Disabling SCSI parity checking to dump disk on ACB4000 MFM-SCSI adapter?
camiel at vaxbarn.com
Thu Sep 24 02:12:02 CDT 2020
> On Sep 23, 2020, at 10:28 PM, Michael Engel via cctech <cctech at classiccmp.org> wrote:
> On 9/23/20 8:54 PM, Grant Taylor via cctech wrote:
>> On 9/23/20 12:51 PM, Michael Engel via cctech wrote:
>>> Do you know if is there another OS which would make it easier to change crucial SCSI parameters in the driver (config) or maybe a specialized tool that could help me to image the disk?
>> Try booting off of a Linux live CD / DVD and seeing if it will behave any different
> Not really, unfortunately. The error messages are a bit cryptic:
> [ 1069.277571] (scsi8:A:0:0): Sending SDTR period 45, offset 0
> [ 1069.278961] scsi 8:0:0:0: Attempting to queue a TARGET RESET message
> [ 1069.278964] CDB: 0x12 0x0 0x0 0x0 0x24 0x0
> [ 1069.278975] scsi 8:0:0:0: Command not found
> [ 1069.278979] aic7xxx_dev_reset returns 0x2002
> [ 1069.279286] (scsi8:A:0:0): Sending SDTR period 45, offset 0
> [ 1069.280736] scsi8: Slave Alloc 1
> [ 1069.543400] scsi target8:0:1: asynchronous
> [ 1069.543416] scsi8: target 1 using asynchronous transfers
> [ 1069.543420] scsi8: Selection Timeout on A:1. 0 SCBs aborted
> It seems that the problem lies in the firmware of the ACB4000, which doesn´t seem to support some standard commands, e.g. the INQUIRY command. Most recent Linux SCSI drivers seem to use this command.
> Some information on this problem can be found here:
> There´s a thread (in German, sorry) in which someone tried to get a disk on an ACB4000 to work:
> and somebody else (also in German...) claims that he could run a disk on an ACB4000 (from an Atari SH204) on an Adaptec 1542:
> So maybe an Atari ST with an ACSI->SCSI adapter might help. That seems to be one of the machines we don´t have here…
Yes, the ACB-4000 doesn’t play well with anything modern. The SPU (service processor) disk on my Convex C-1 uses a Fujitsu MFM disk with an ACB-4000. I absolutely had to save the contents of that disk, so here is my approach:
I used an Ancot Ultra2080/Lite SCSI-bus Analyzer. This is a device that connects to a SCSI bus and has a serial port. Over the serial port, you can monitor the signals on the SCSI bus, and use it as a SCSI protocol analyzer. There’s also the possibility to construct and send a SCSI command. Rather than connect a serial terminal to the serial port, I connected a PC, then wrote a C program to control the Ancot. I had the Ancot send commands to the disk to read a sector at a time, and recorded the data sent in response to a file to create a disk image. Slow as hell (each byte on the disk requires sending two hex characters and a space over a slow serial line), but it works. I had to make several passes over the disk, because occasionally the data received from the disk turned out to be data from a different sector than the one I was trying to read. By reading the disk multiple times, I could get rid of these mis-read sectors.

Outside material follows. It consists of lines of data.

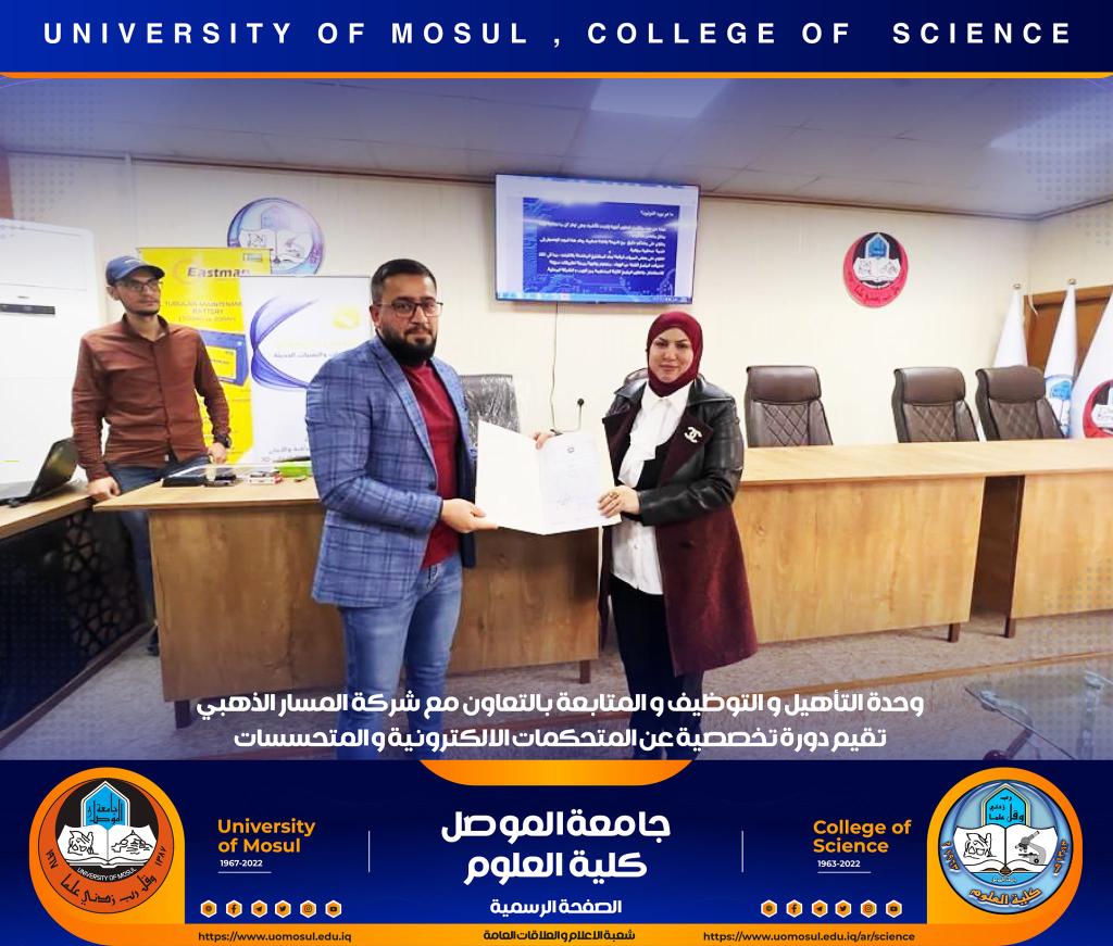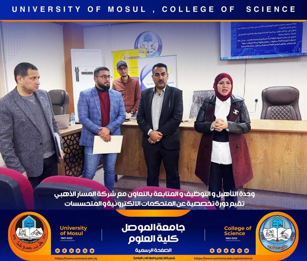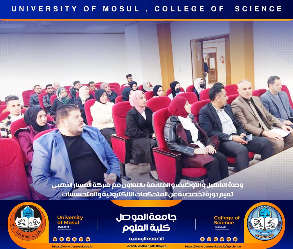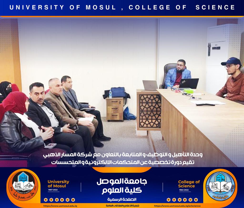 برعاية السيد رئيس جامعة الموصل الأستاذ الدكتور قصي كمال الدين الأحمدي وبإشراف وحضور السيدة عميد كلية العلوم الأستاذ الدكتورة هيام عادل إبراهيم ، أقامت وحدة التأهيل والتوظيف والمتابعة و بالتعاون مع شركة المسار الذهبي دورة تخصصية لطلبة المرحلة الرابعة في قسم الفيزياء بعنوان ” المتحكمات الالكترونية والمتحسسات وعلاقتها بأنظمة الطاقة الشمسية ” للمدة من 20 – 21 كانون الأول 2022.القى محاضرات الدورة كل من : أ. محمد بسمان غانم ، أ. زيد سعد يوسف ، أ. أحمد أمير عبد.كما هدفت الدورة الى تأهيل الطلبة للانخراط في سوق العمل ، و تناولت شرح المتحسسات الالكترونية التي هي عبارة عن مكوّنات إلكترونيّة دقيقة تقوم بتحويل ونقل الكميّات الفيزيائيّة ، من درجة الحرارة ، والأشعة غير المرئيّة ، والأشعة المرئيّة ، والضغط ، والحركة في المكان ، والشدّة الضوئيّة ، وغيرها ، إلى كميّات كهربائيّة والتي يترتّب عليها غلق أو فتح دائرة كهربائيّة لاستخدام هذه الحساسات وتوظيفها لأداء الأعمال واختيار المتحكمات مفتوحة المصدر لبناء المشاريع الإلكترونية قدمنا ورشة المتحكمات الالكترونية و أنواع المتحسسات.و تكشف أحد التقارير العالمية أن قطاع الطاقة الشمسية هو الأسرع نمواً بين مصادر الطاقة المتجددة ، حيث وصل عدد وظائفه في عام 2021 إلى 4.3 مليون وظيفة ، أي أكثر من ثلث القوى العاملة اليوم في وظائف الطاقة المتجددة حول العالم.شعبة الإعلام و العلاقات العامةالأحد 25 كانون الأول 2022
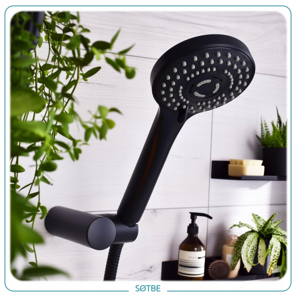 Современный душевой набор 3 в 1 — функциональное и эстетичное решение для любой ванной комнаты. В комплект входят: элегантная душевая насадка с 3 режимами струи, гибкий шланг длиной 150 см и соответствующий настенный держатель. Все это покрыто стильным черным ковриком, который идеально вписывается в современный дизайн интерьера.
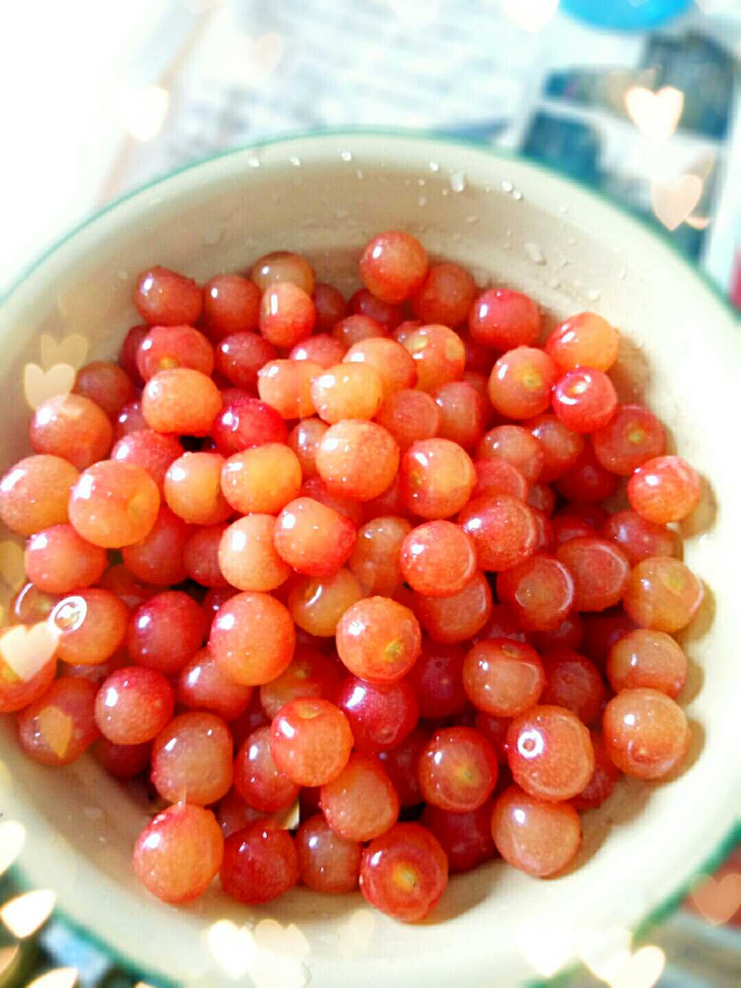 好漂亮的樱桃 没见过呢 好好吃的样子哦
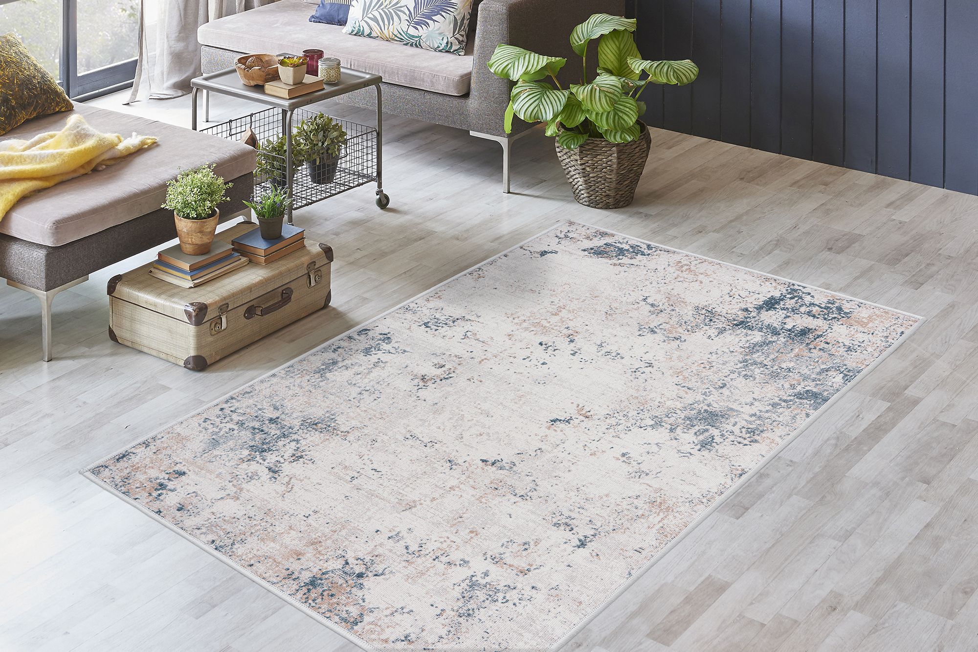 Ce tapis de grande qualité, proposé dans des couleurs discrètes, séduit par son design romantique. Le dessus de ce tapis tissé à plat est composé à 100 % de polyester et le dessous est doublé en pur coton. Cela rend le tapis particulièrement agréable et offre une sensation de douceur et de bien-être. Imprimé avec soin, ce tapis se distingue également par son toucher agréable et sa grande robustesse, en faisant le choix idéal pour les chambres à coucher et les chambres d’enfants !
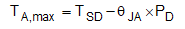 大多數(shù)現(xiàn)代 LDO 均具備熱關(guān)斷功能,可防止器件在高結(jié)溫下遭受嚴(yán)重?fù)p壞。在特定功耗水平下,帶有熱關(guān)斷功能的 LDO 存在最高工作環(huán)境溫度閾值,可觸發(fā)熱關(guān)斷,器件隨即停止工作。方程式 2 展示了用熱關(guān)斷溫度替代結(jié)溫的過程,以及對(duì)公式方程式 1 的推導(dǎo)整理:
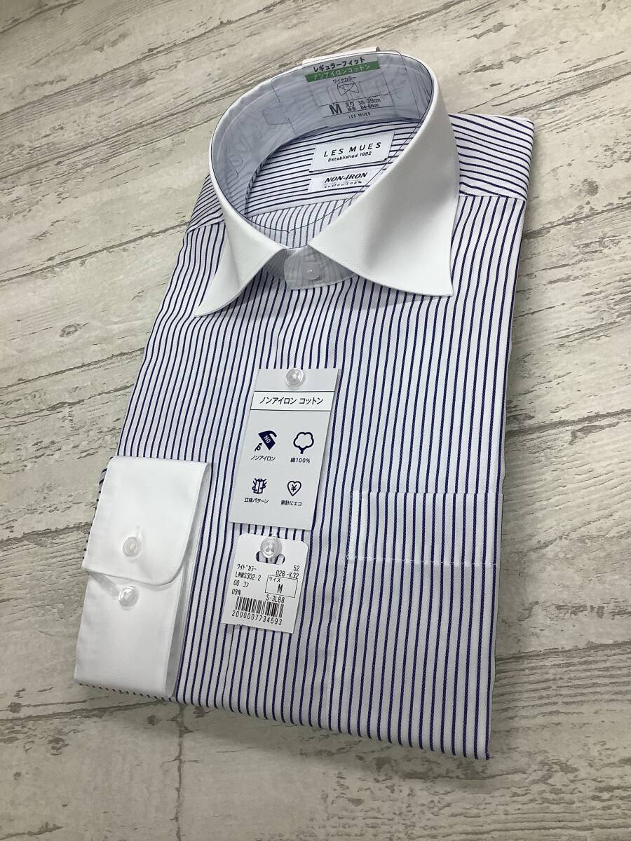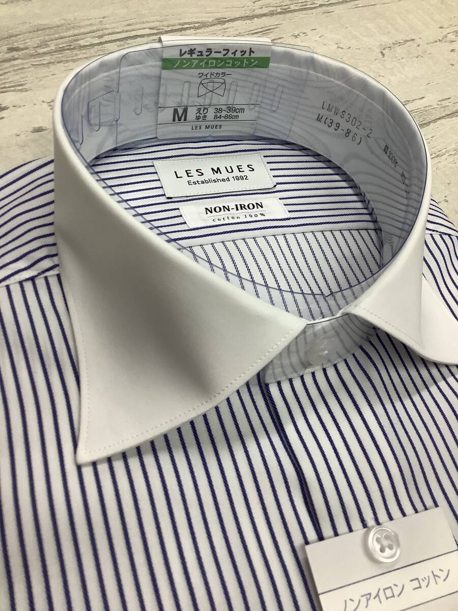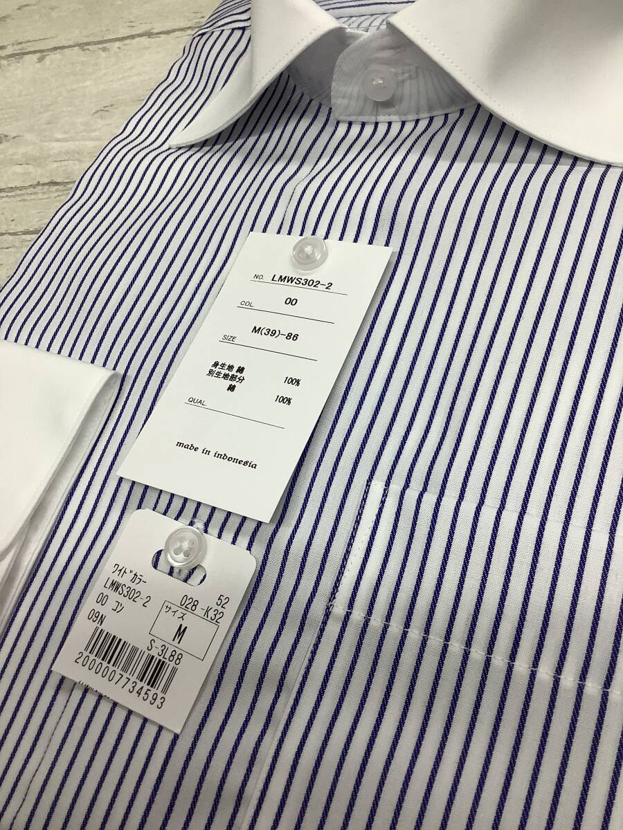 新品未使用 39-86 長袖 Mサイズ ワイドカラードレスシャツ ノンアイロンコットン 綿100% ★ブルーラインストライプ クレリックシャツ
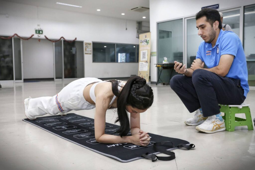 เมื่อวันที่ 13 มีนาคม 2569 ที่ศูนย์วิทยาศาสตร์การกีฬา การกีฬาแห่งประเทศไทย หัวหมาก : “ตั๊น” จิตภัสร์ กฤดากร อดีตสมาชิกสภาผู้แทนราษฎร เข้ารับการตรวจร่างกายก่อนการแข่งขันกระโดดร่มอินดอร์ ศึก “เอฟเอไอ เวิลด์คัพ อินดอร์ สกายไดฟ์วิ่ง” ที่ประเทศฝรั่งเศส ระหว่างวันที่ 1-4 เมษายน 2569
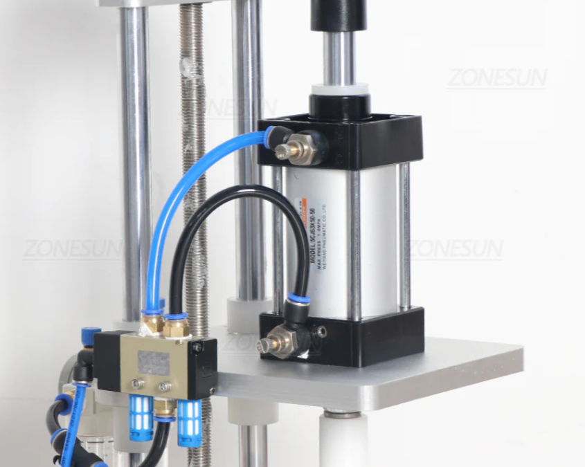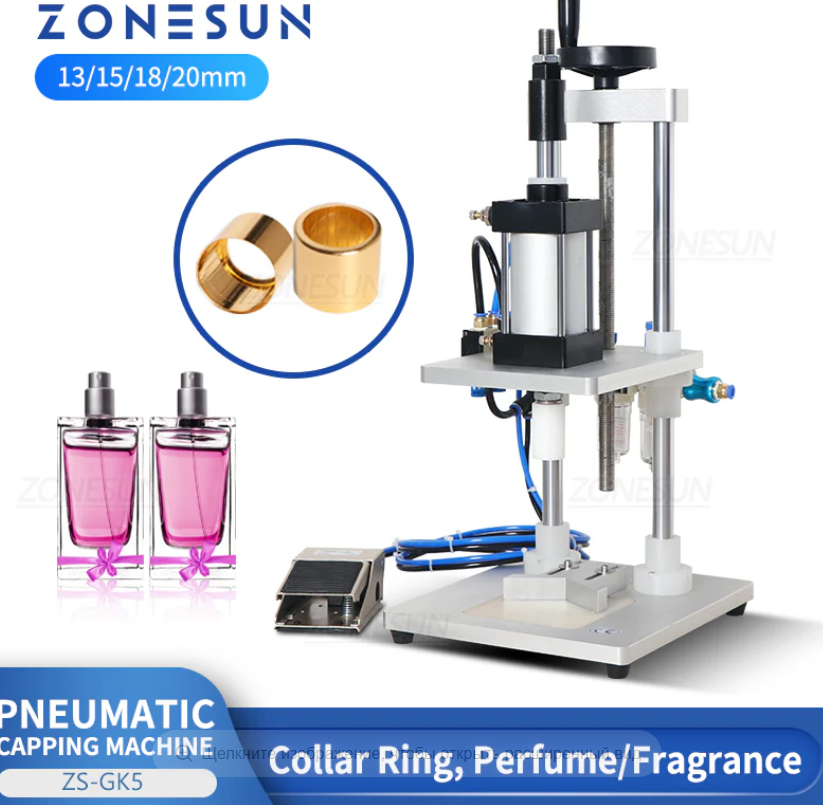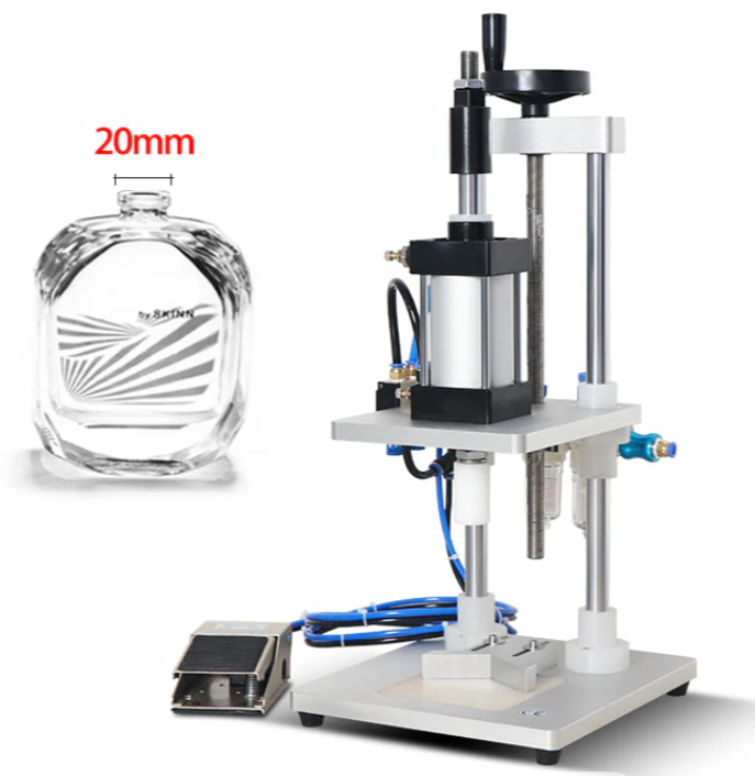 Эта машина предназначена для укупорки флаконов с духами с помощью горлышка. Пневматическая укупорочная машина обладает большей мощностью и позволяет укупоривать флаконы быстрее, чем ручная. Машина подходит для флаконов диаметром 13/15/18/20 мм

I put the image created this way on a new disk (well, an old DEC 1GB disk with a SCSI-1 mode jumper) and was able to boot the SPU from this disk (It could not boot off the original disk), and later replaced it with a SCSI2SD.
If you’re interested, and have access to an Ancot, I can probably dig out the C code I wrote.